Using the data below, output a verbatim copy of the lines between the one holding "Swirl lamp by" and the one holding "Złoty nieśmiertelnik z", inclusive, without any pictures.

# EXERCISE DATA:
--------
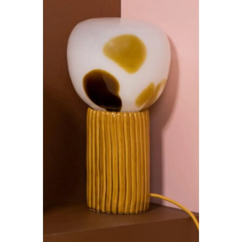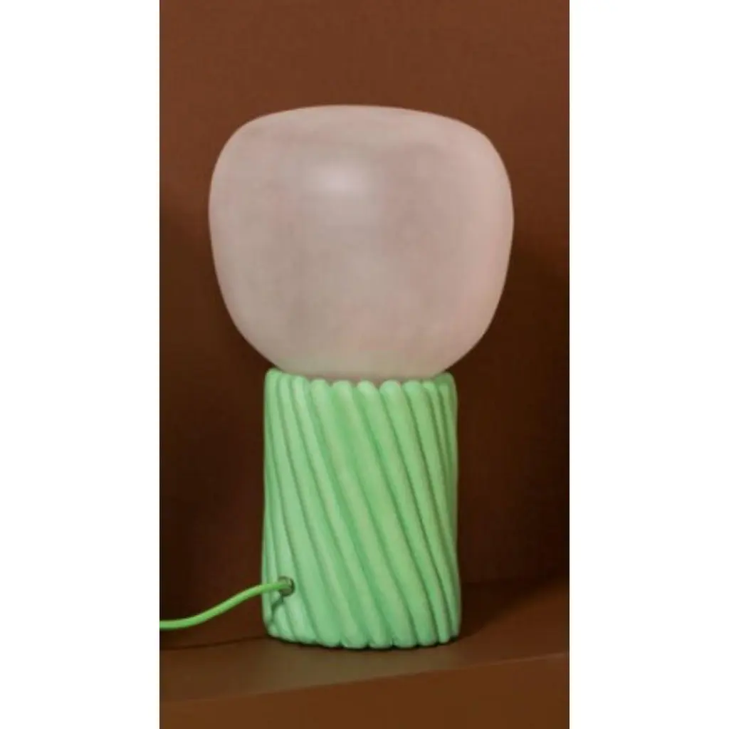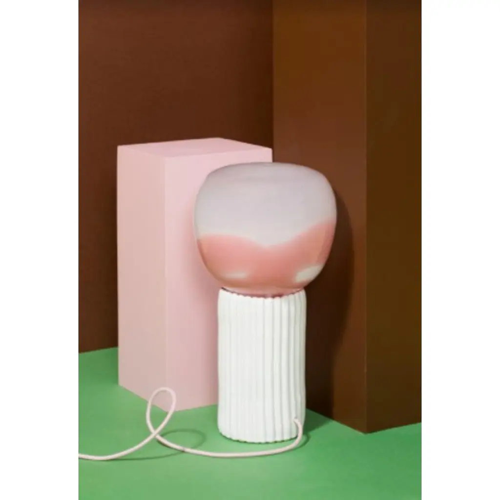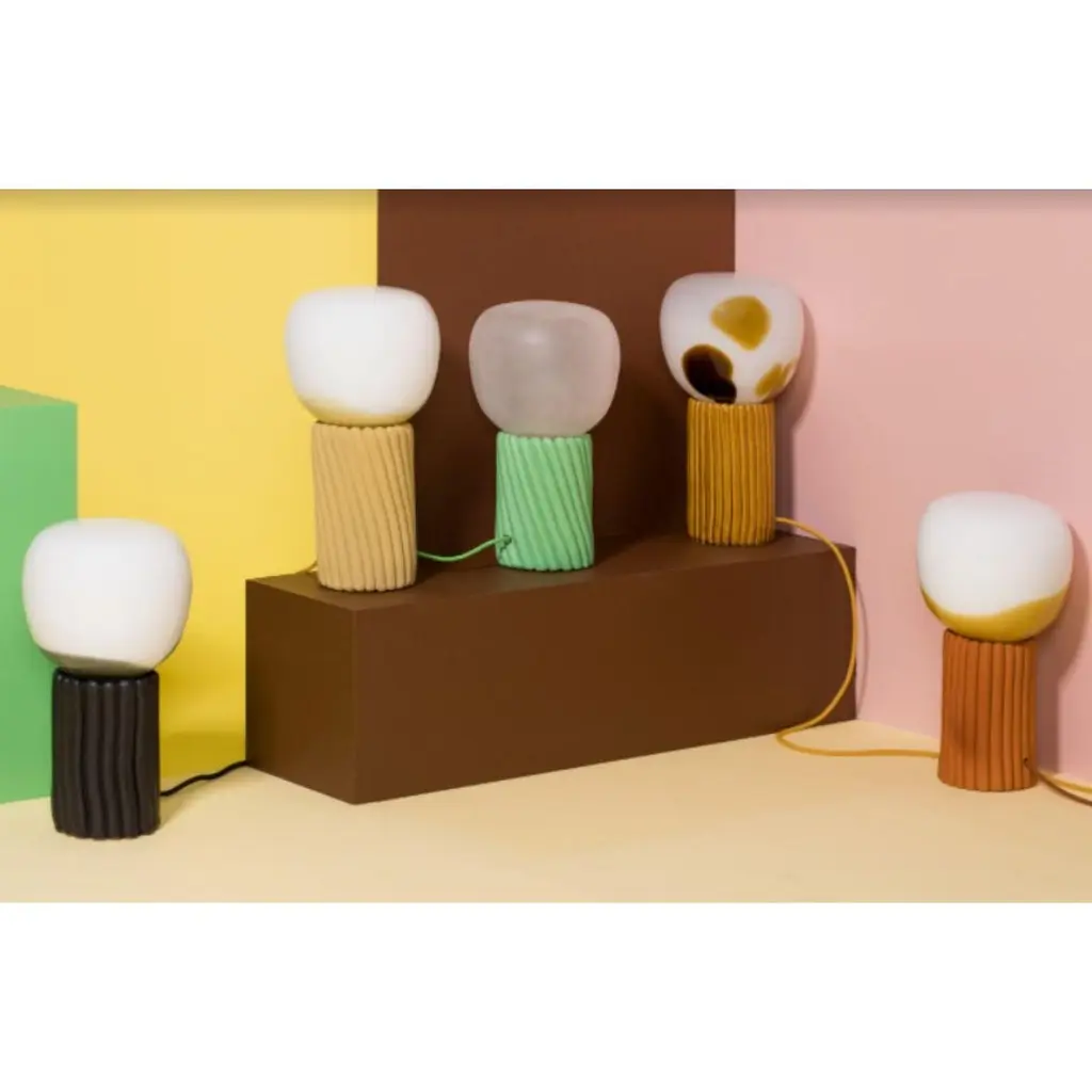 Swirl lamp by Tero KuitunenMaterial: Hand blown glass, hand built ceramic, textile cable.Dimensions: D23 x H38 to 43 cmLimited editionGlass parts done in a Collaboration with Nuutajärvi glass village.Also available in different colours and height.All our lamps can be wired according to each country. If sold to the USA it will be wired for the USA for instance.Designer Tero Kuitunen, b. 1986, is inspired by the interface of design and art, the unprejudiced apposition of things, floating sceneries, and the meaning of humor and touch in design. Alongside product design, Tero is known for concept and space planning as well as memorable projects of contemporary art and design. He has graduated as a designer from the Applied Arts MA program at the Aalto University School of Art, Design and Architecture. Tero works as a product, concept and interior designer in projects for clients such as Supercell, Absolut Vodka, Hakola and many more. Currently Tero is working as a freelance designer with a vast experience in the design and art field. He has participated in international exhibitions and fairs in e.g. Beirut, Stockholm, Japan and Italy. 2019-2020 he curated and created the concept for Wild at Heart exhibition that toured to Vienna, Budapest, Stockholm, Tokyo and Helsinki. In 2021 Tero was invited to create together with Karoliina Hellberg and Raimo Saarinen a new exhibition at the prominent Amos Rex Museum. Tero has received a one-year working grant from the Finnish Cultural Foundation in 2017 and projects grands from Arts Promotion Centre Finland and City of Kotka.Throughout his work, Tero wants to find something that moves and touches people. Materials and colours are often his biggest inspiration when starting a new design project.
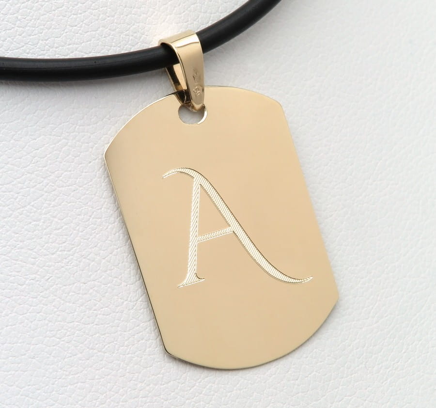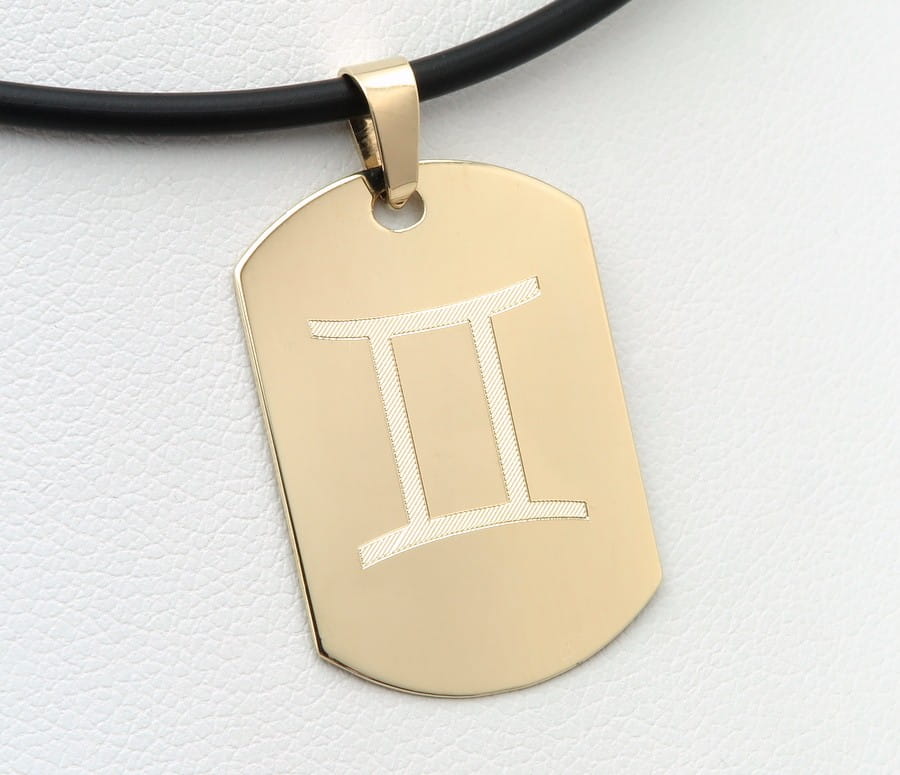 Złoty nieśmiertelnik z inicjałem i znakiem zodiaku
--------
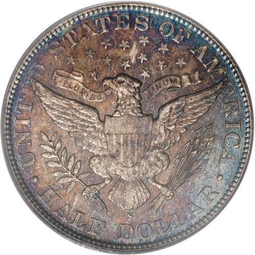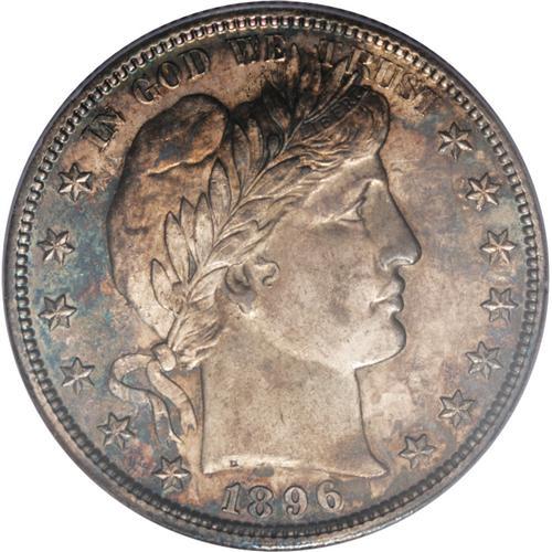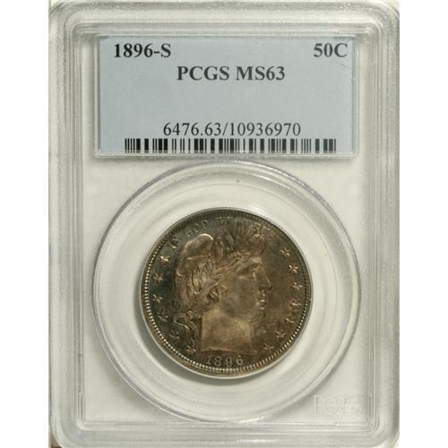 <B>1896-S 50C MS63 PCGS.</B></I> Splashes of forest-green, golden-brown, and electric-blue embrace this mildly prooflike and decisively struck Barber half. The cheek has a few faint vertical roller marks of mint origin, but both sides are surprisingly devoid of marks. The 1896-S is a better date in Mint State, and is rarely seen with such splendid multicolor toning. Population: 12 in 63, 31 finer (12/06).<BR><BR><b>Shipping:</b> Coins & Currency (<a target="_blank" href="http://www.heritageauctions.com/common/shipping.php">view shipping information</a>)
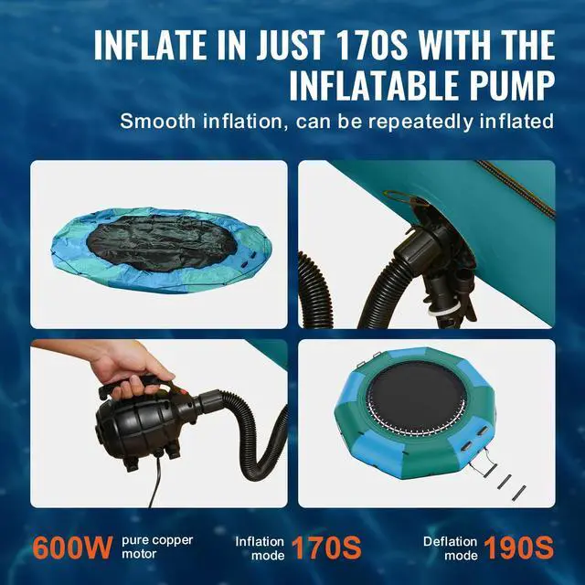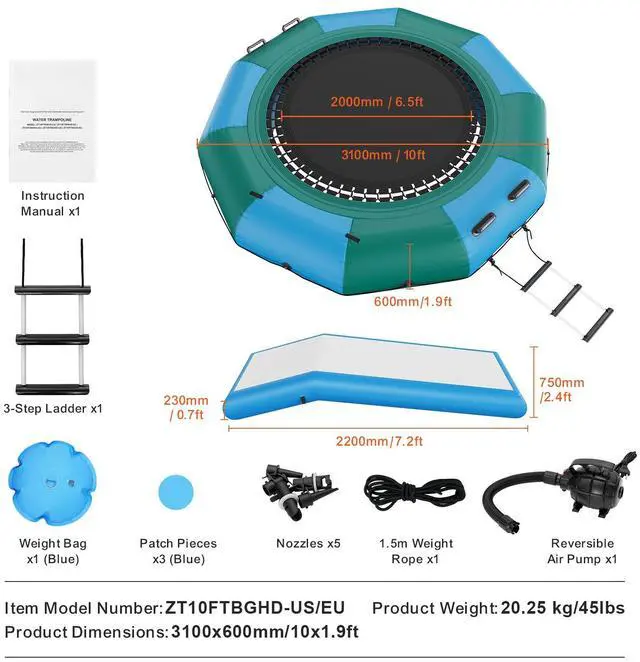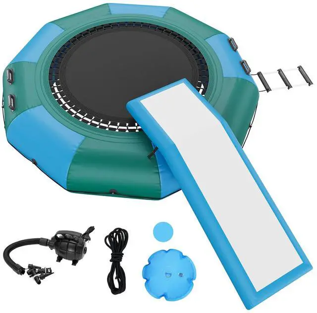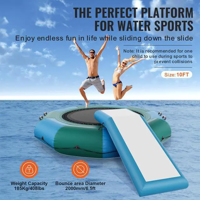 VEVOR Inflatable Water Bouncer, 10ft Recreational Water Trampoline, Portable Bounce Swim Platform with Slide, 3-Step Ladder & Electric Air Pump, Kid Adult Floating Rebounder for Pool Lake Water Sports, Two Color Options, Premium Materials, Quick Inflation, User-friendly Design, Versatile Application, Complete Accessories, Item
--------
# EXPECTED ANSWER:
 Swirl lamp by Tero KuitunenMaterial: Hand blown glass, hand built ceramic, textile cable.Dimensions: D23 x H38 to 43 cmLimited editionGlass parts done in a Collaboration with Nuutajärvi glass village.Also available in different colours and height.All our lamps can be wired according to each country. If sold to the USA it will be wired for the USA for instance.Designer Tero Kuitunen, b. 1986, is inspired by the interface of design and art, the unprejudiced apposition of things, floating sceneries, and the meaning of humor and touch in design. Alongside product design, Tero is known for concept and space planning as well as memorable projects of contemporary art and design. He has graduated as a designer from the Applied Arts MA program at the Aalto University School of Art, Design and Architecture. Tero works as a product, concept and interior designer in projects for clients such as Supercell, Absolut Vodka, Hakola and many more. Currently Tero is working as a freelance designer with a vast experience in the design and art field. He has participated in international exhibitions and fairs in e.g. Beirut, Stockholm, Japan and Italy. 2019-2020 he curated and created the concept for Wild at Heart exhibition that toured to Vienna, Budapest, Stockholm, Tokyo and Helsinki. In 2021 Tero was invited to create together with Karoliina Hellberg and Raimo Saarinen a new exhibition at the prominent Amos Rex Museum. Tero has received a one-year working grant from the Finnish Cultural Foundation in 2017 and projects grands from Arts Promotion Centre Finland and City of Kotka.Throughout his work, Tero wants to find something that moves and touches people. Materials and colours are often his biggest inspiration when starting a new design project.
 Złoty nieśmiertelnik z inicjałem i znakiem zodiaku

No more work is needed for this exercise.